• _Exercise brief_
Starting at the line with "다른 건 모르겠고 체크인, 체크아웃 시간만 알아놓자." and ending at the line with "トイレは外に出るまではケージ", print exactly the lines of the entries below. Pictures do not belong in the copy.

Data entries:
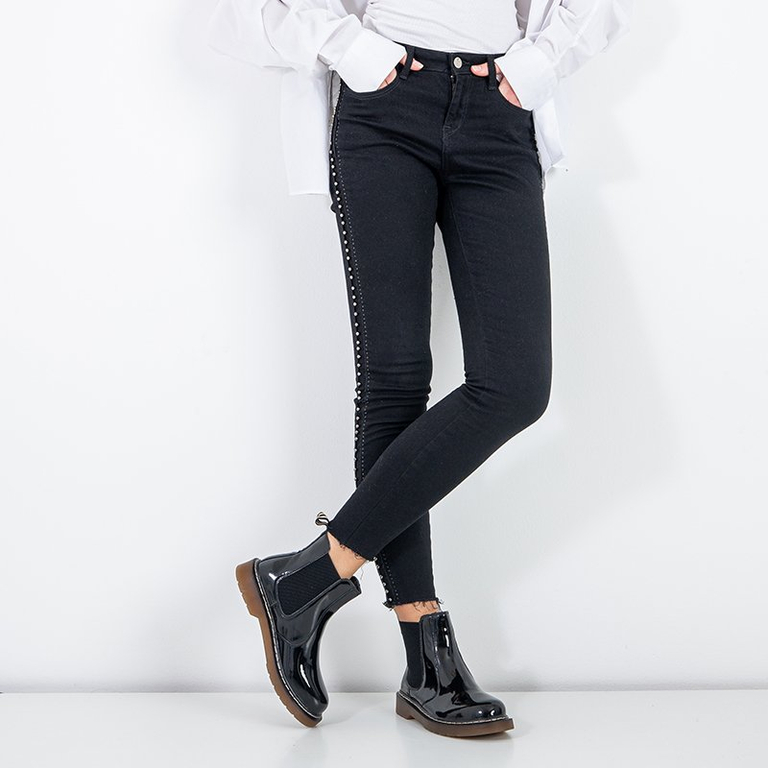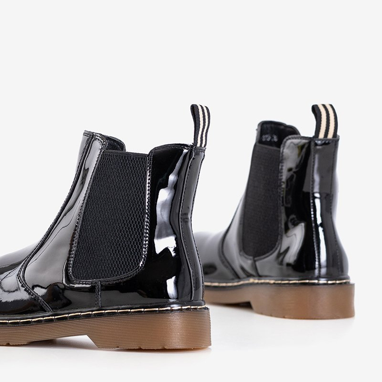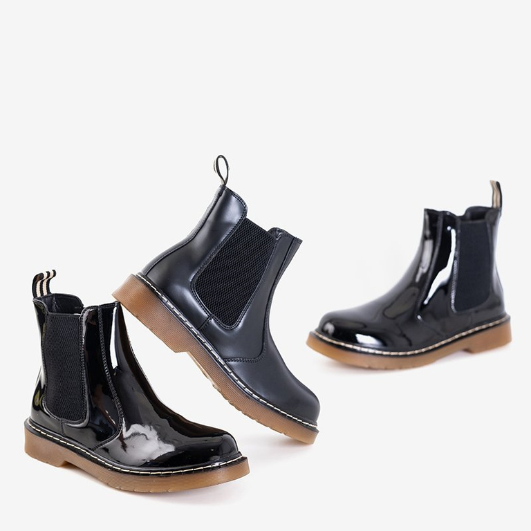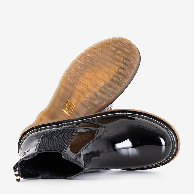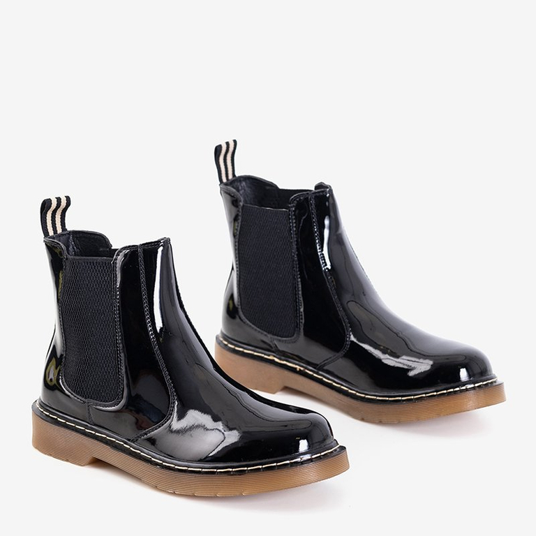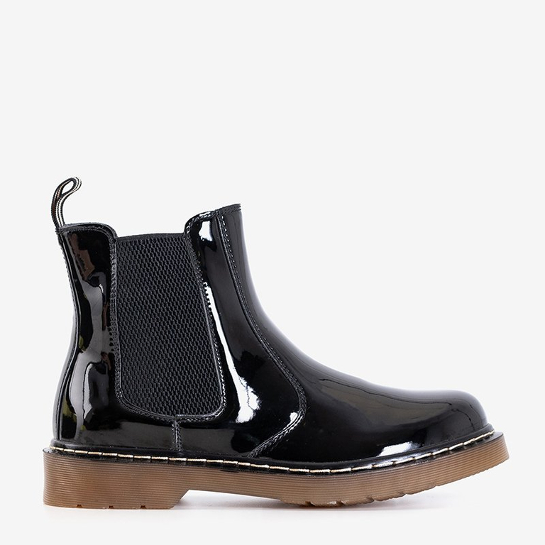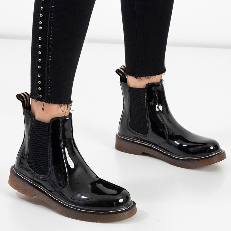 • Fekete női csizma lakkozott, ökológiai bőrből. A belső betét anyaggal van bélelve. Rugalmas betétek az oldalakon. Tökéletes női cipő hidegebb napokra!
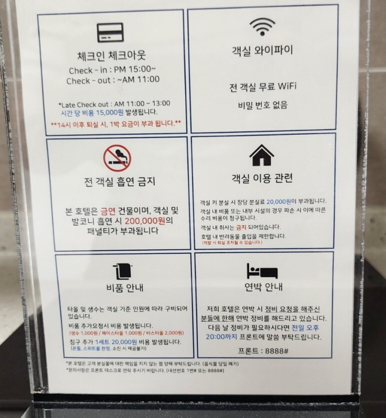 다른 건 모르겠고 체크인, 체크아웃 시간만 알아놓자.
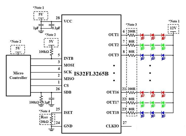 IS32FL3265A/B:輸出可耐40V高壓18路恒流驅(qū)動(dòng)芯片
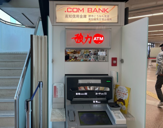 高知信用金庫のATMらしいが、何が「強力」なのかは不明。このあたりの独特のセンスも、地方空港ならではの光景だ。
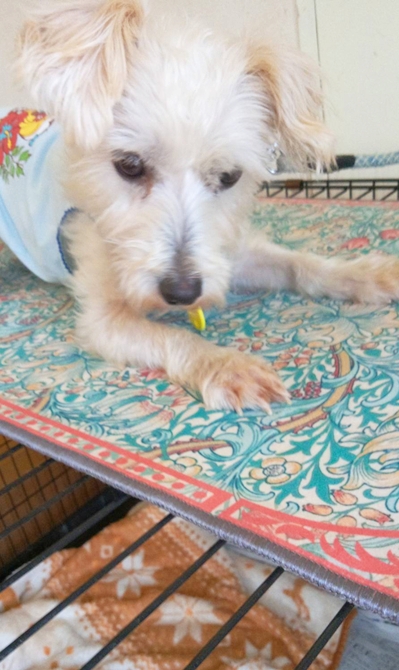 トイレは外に出るまではケージの中では我慢します。吠えないし、本当に手がかからない良い子です。
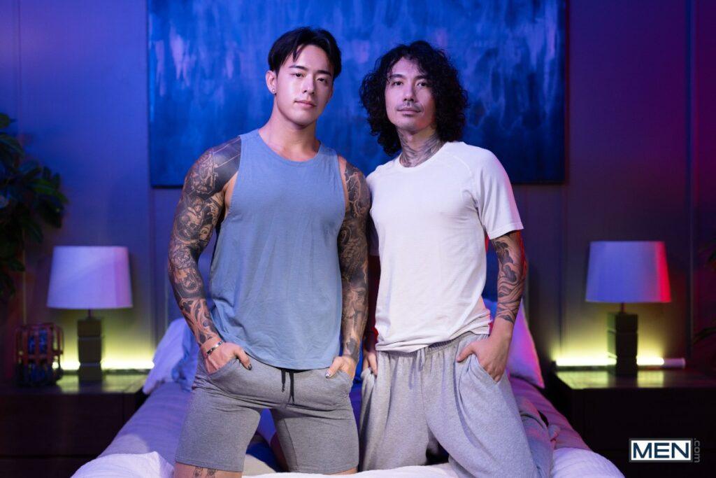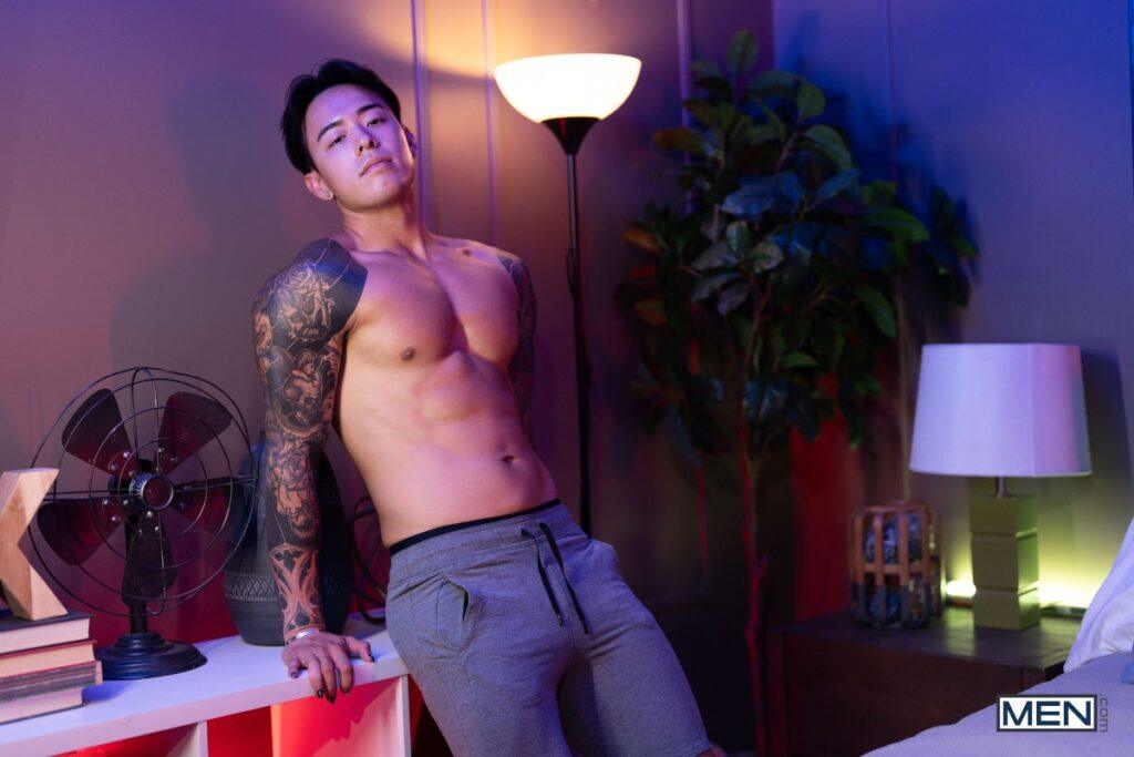 Curly-haired Ocean Hanx is horny, but his clean-cut BF Titus Low is busy gaming. Titus’s cock is twitching in his briefs, and he tells Ocean to cum and get it. Ocean strokes that cock and uses it to scroll porn on his phone, then sucks Titus until the top is horny and just has to put the bottom on all fours and fuck his hole. The scruffy-faced bottom rides Titus’s cock, then the tattooed hunks fuck hard till Titus cums on Ocean’s face as the bottom jacks off.

• _Output below_
 다른 건 모르겠고 체크인, 체크아웃 시간만 알아놓자.
 IS32FL3265A/B:輸出可耐40V高壓18路恒流驅(qū)動(dòng)芯片
 高知信用金庫のATMらしいが、何が「強力」なのかは不明。このあたりの独特のセンスも、地方空港ならではの光景だ。
 トイレは外に出るまではケージの中では我慢します。吠えないし、本当に手がかからない良い子です。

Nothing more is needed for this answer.